Tuesday, July 03, 2007

Happy Anniversary!

Last Friday, Arabian Facebuster turned one year old with little-to-no fanfare. However, the story of the formation of this blog is quite remarkable and warrants retelling.

Apollo Spas began with but a dream -- to build a perpetual motion machine that was also capable of reciting lines from obscure movies. Fearing a swift and ruthless retaliation from the scientific-industrial complex and their Hollywood foot soldiers for violating the laws of thermodynamics, copyright infringement, and intellectual property, he decided to launch Arabian Facebuster instead. As the old adage goes, the rest is history...inaccurate, misguided, revisionist, often blatantly fabricated history.

Folks, we need to commemorate this pioneer spirit...and what better way to do so than by devising a self-congratulatory and trite awards show: The 1st Annual Facebustery's!

A modest 76 awards, recognizing excellence and distinction in the field of professional wrestling blogging on this site, will be doled out this coming Sunday evening. This black tie event will emanate from The Tiny Bubble Room in Portland, OR. Earlier in the day, a ceremony commemorating merit in the field of technical achievement will be held in the driveway of one Pencil Neck Geek. Without further ado, let's take a look at but a few of the categories:

Nominees for the coveted
Edward R. Murrow Award for Excellence in Investigative Reporting are Apollo Spas for his expose on home grown terrorists, Pencil Neck Geek for his investigation into reordering of the D-Generation X power structure, Rev. Von Fury for his exhaustive examination of the socio-cultural significance of John Cena's ornamental championship belt, and yours truly Malibu Sands for my inquest into the spectacular rise and fall of PastaMania!

Nominees for the
Most Shocking and Triumphant Return to The Facebuster After a Temporary Sabbatical include Pencil Neck Geek's prognosticative return to WWE SmackDown coverage, yours truly Malibu Sands' excuse laden diatribe on why I was able to temporarily break fee from the clutches of the sports entertainment leviathan, and Rev. Von Fury's no doubt imminent return to blogging on this site.

The nominees for the
Fodor's Wrestling Related Travelogue Award include yours truly Malibu Sands for my courageous expedition into the Dub Dub A arena, Apollo Spas for his two part report on the tribulations and triumphs that come with trying to watch professional wrestling in the public realm, and once again yours truly Malibu Sands for my reporting from the Facebuster Staff Conference.

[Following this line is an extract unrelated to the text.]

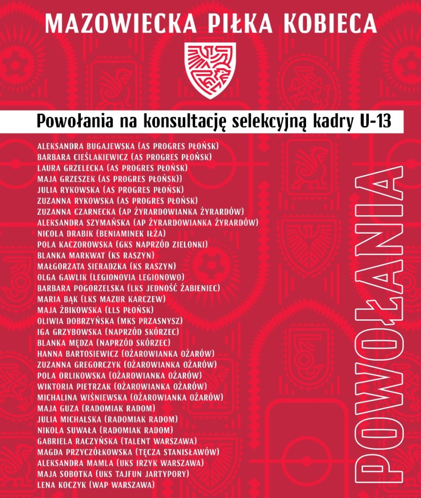 Sześć zawodniczek Progresu: Aleksandra Bugajewska, Basia Cieślakiewicz, Maja Grzeszek, Julia Rykowska, Laura Grzelecka i Zuzia Rykowska, otrzymało powołania na konsultację selekcyjną kadry U-13 Mazowieckiego Związku Piłki Nożnej, która odbędzie się 09 października w Warszawie przy Łazienkowskiej 3. Gratulujemy zawodniczkom i trzymamy mocno kciuki. Brawo!

Nominees for the prestigious Ralph Nader Medal for Futility in Progressive Advocacy are Rev. von Fury's fruitless plea for virtue and chastity in the face pro wrestling's worldly temptations, Pencil Neck Geek for nobly but vainly attempting to offer the Facebuster's more unmotivated readers a weekly recap of the television phenomenon known as Friday Night SmackDown!, and Apollo Spas for his (s0 far) stymied campaign to recast the sexuality of one Viscera.

Finally, the nominees in the category of S
eething and Perfectly Rational Contempt for Hulk Hogan, Chyna Doll, or Randy Orton are yours truly Malibu Sands for marshaling photographic proof of Orton's hotel room trashing escapades, Apollo Spas for thoroughly reviewing the agonizing read otherwise known as Chyna's book, and yours truly Malibu Sands for unearthing stomach churning footage of the Hulkster's musical exploits.

To the winning nominees go the spoils. Instead of a poorly manufactured statuette, awardees will receive a year's supply (i.e. 365 cases) Hamm's Beer, the official party starter and panty remover of Arabian Facebuster, along with a vat of Manwich Sloppy Joe sauce. Hamburger meat and buns not included.

Again, congratulations to Arabian Facebuster on a most glorious year of blogging! Now cut me off a slice of that whimsical cake...I'd prefer a piece from that sweet whale tail.

1 comment:

Pencil Neck Geek said...

Happy Birthday Facebuster!

Can't wait for the Facebustery's (although we might need to work on the name).

The opening musical number- Bushwacker Luke and Viscera's rousing rendition of Dancing in the Street- is sure to knock 'em dead.